Friday, September 5, 2008

Alberta Arts Day is tomorrow!


AMPA is excited for the inaugural Alberta Arts Day, happening tomorrow throughout Alberta, with a multitude of performances to take place at the Jubilee Auditorium in Calgary. AMPA will have a booth there from 10am to 3pm, so we hope you come by to chat us up and pick up some magazine samples.

Click here for schedule of events.

From the Alberta Arts Day website:

All Albertans are encouraged to participate in an arts event or activity on September 6 or plan their own celebration of the arts. One opportunity is to participate in the Alberta Arts Day BookCrossing Challenge. This challenge encourages Albertans to read books by Albertans, about Albertans or published by Albertans and then leave one for someone else to discover.

For more information on the Alberta Arts Day BookCrossing Challenge or other ideas and suggestions on how to celebrate on September 6, visit www.culture.alberta.ca/artsday

Southern Alberta Jubilee Auditorium is Celebration Central for Arts DayOn September 6, A free, family-friendly, all-day event is being held at the Southern Alberta Jubilee Auditorium in Calgary, with many talented artists from across the province performing and providing interactive experiences.

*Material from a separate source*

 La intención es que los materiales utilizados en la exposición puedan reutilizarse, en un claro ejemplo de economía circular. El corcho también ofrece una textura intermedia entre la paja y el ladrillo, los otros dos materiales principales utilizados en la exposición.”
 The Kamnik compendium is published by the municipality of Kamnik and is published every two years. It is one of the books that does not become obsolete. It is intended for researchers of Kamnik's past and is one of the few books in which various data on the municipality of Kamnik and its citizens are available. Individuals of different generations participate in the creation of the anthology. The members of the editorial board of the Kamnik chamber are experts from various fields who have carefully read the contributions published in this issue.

Learn from the best that Alberta has to offer, whether it's joining in on a hip hop choreography session or creating a unique presentation using the latest new media techniques.

Arts Day Gala AnnouncedIn the evening of Alberta Arts Day, a performance Gala and awards presentation takes the stage at the Southern Alberta Jubilee Auditorium. Tickets for this inaugural gala are available from Ticketmaster starting today at $15.00/ person ($7.50/person for groups of 10 or more).

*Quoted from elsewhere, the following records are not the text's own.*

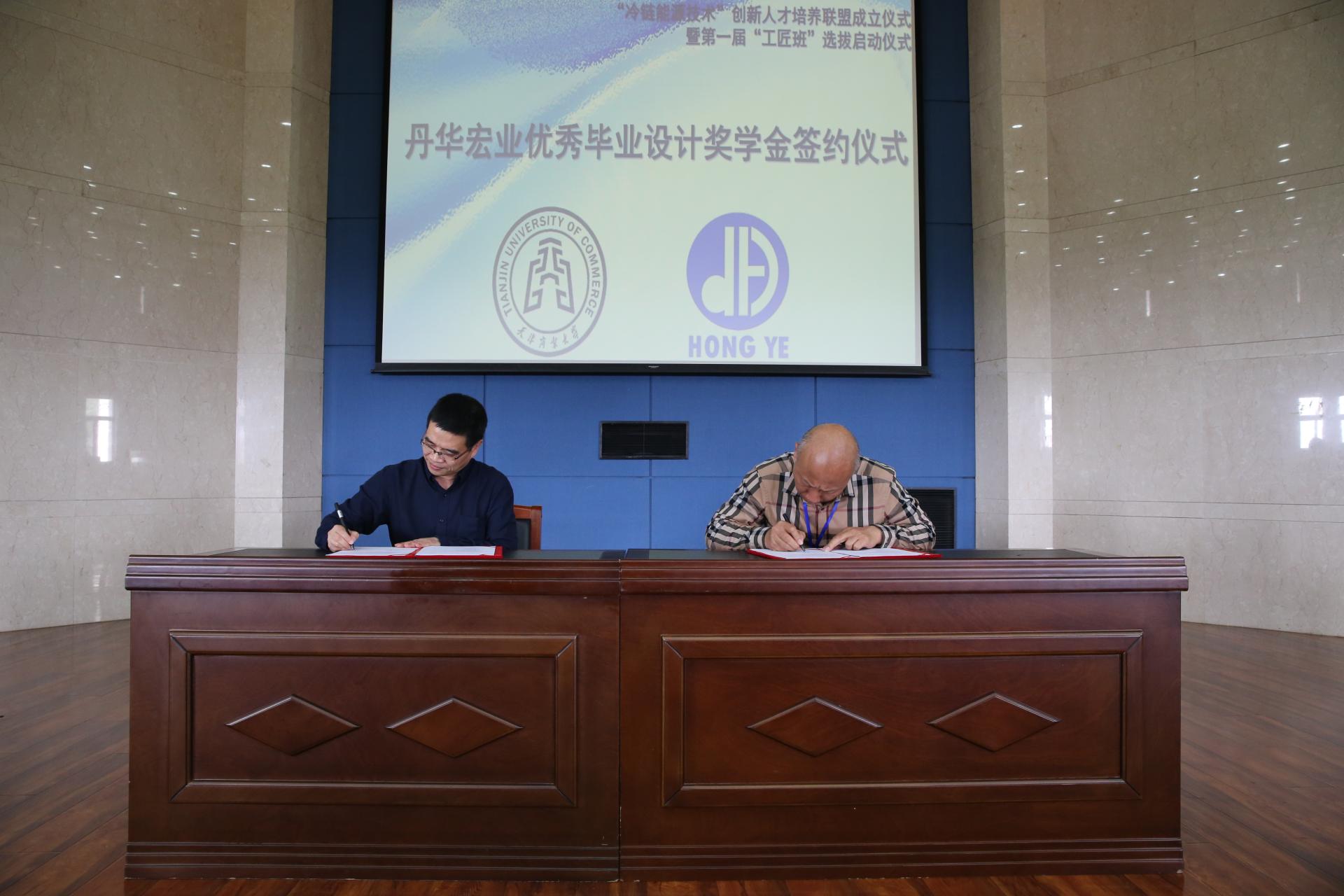 下午,“人才培养联盟”成立仪式在国际报告厅举行。副校长齐恩平代表校方致辞,星空教育部本科生实践教育基地——烟台冰轮环境技术有限公司党委书记董大文代表企业方致辞,优秀校友代表、国家商用制冷设备质量监督检验中心主任司春强博士致辞。现场签约了铭星冰雪“工匠班”奖学金、海信日立“冷链能源技术”奖教金、丹华宏业“优秀毕业设计”奖学金、“LG中央空调”天津市制冷空调创新设计大赛赞助协议、“冷链能源技术”人才培养教学设备捐赠协议等;颁发了能源与动力工程卓越工程师实验班冰轮奖学金。最后邀请中国制冷空调工业协会副秘书长陈敬良先生作了关于“制冷空调行业技术进展”的学术报告。
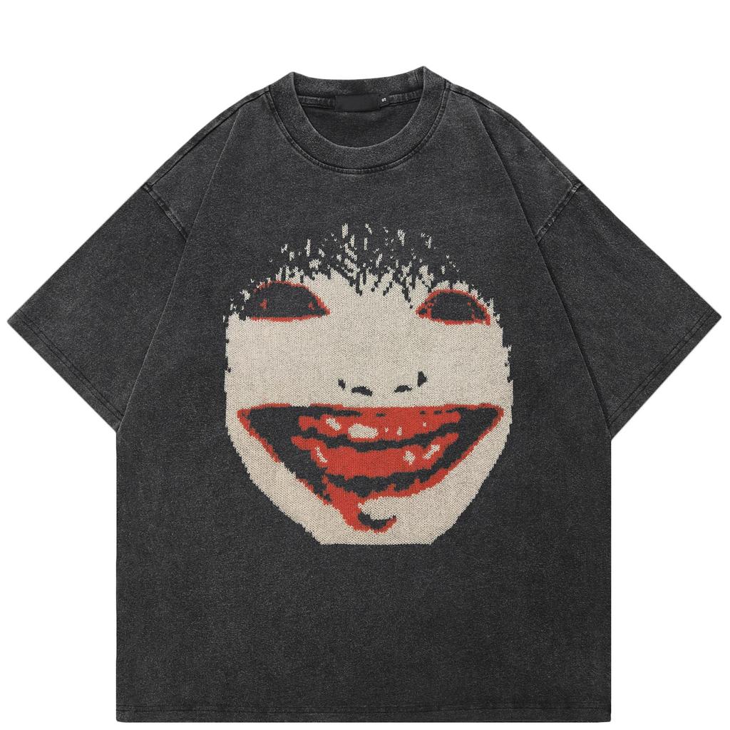 2026 Unisex Washed Black T-Shirt Streetwear QUARTER 24 Face Graphic A37T037
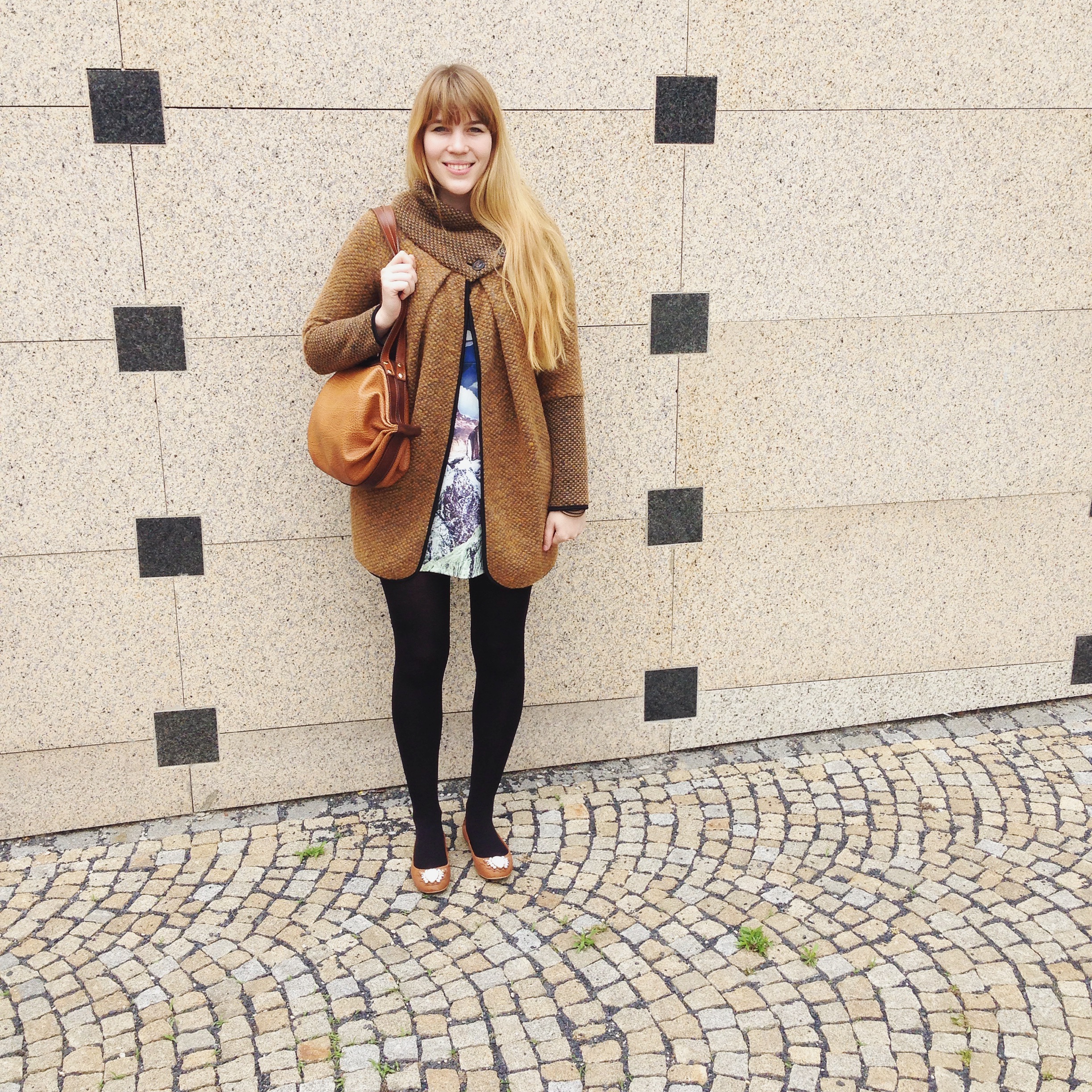 IMG_7569Hello everyone, sorry about being so spacy this week. To top it off, I wore some really great outfits to work this week and didn’t get a single photo, arrgh. But here’s an outfit from this past weekend, from Sunday when M and I went to his parents’ house for lunch. I wore my scenic mountain print dress, a sweater coat I bought in Vienna, my new Rome bag and these old Zara Woman leather ballerina flats with an interesting brooch detail on the front.

The Gala is all about creative collisions, as you can see from the line-up:

Aboriginal Music Trio ‘Asani’ will be collaborating with aboriginal dance choreographer Troy Twigg

Alt-country act the Swiftys joins with hip hop group Dragon Fli Empire.

Dancers from Decidedly Jazz Danceworks team up with musicians from across Alberta

Dave Pearce will conduct Johanna Sillanpaa, John Wort Hannam and Kris Demeanor in collaboration with the Calgary Philharmonic Orchestra.

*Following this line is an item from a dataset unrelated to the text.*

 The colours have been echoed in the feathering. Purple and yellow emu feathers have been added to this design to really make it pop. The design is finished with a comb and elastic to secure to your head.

The evening will end with the Alberta Ballet performing new excerpts from Joni Mitchell’s The Fiddle and The Drum.

The gala will also include the presentation of three awards of $50,000 each to Alberta’s top visual, performing and literary artists.

Tuesday, September 2, 2008

Obama & Alberta and 100 Biggest Companies in Alberta

Obama & Alberta: AlbertaViews' Editor Evan Osenton reports from Denver

The Democratic National Convention this week boasts 4,000 delegates and 15,000 members of the media. AlbertaViews' editor Evan Osenton sent his thoughts about what an Obama win might mean to Alberta:

I don't know how the US election in November will affect Canada at large, but Alberta's fortunes are intimately tied to America's; their federal election arguably means more to us than our own. If Denver is any indication, America is embroiled in a battle of "stories," with one side pledging a complete change to how Americans make and use energy over the course of a generation... the other, business as usual. It'd be an entertaining debate, to be sure--if only one side wasn't so wrong about climate change, environmental degradation, rising oil prices and energy security. The only inevitability is change; the surprise, to each generation, is how fast change comes. Is Alberta too wrapped up in the latter tale--"blinded by the boom," as it were--to see the threat, the opportunity and indeed the inevitability of the Obama story?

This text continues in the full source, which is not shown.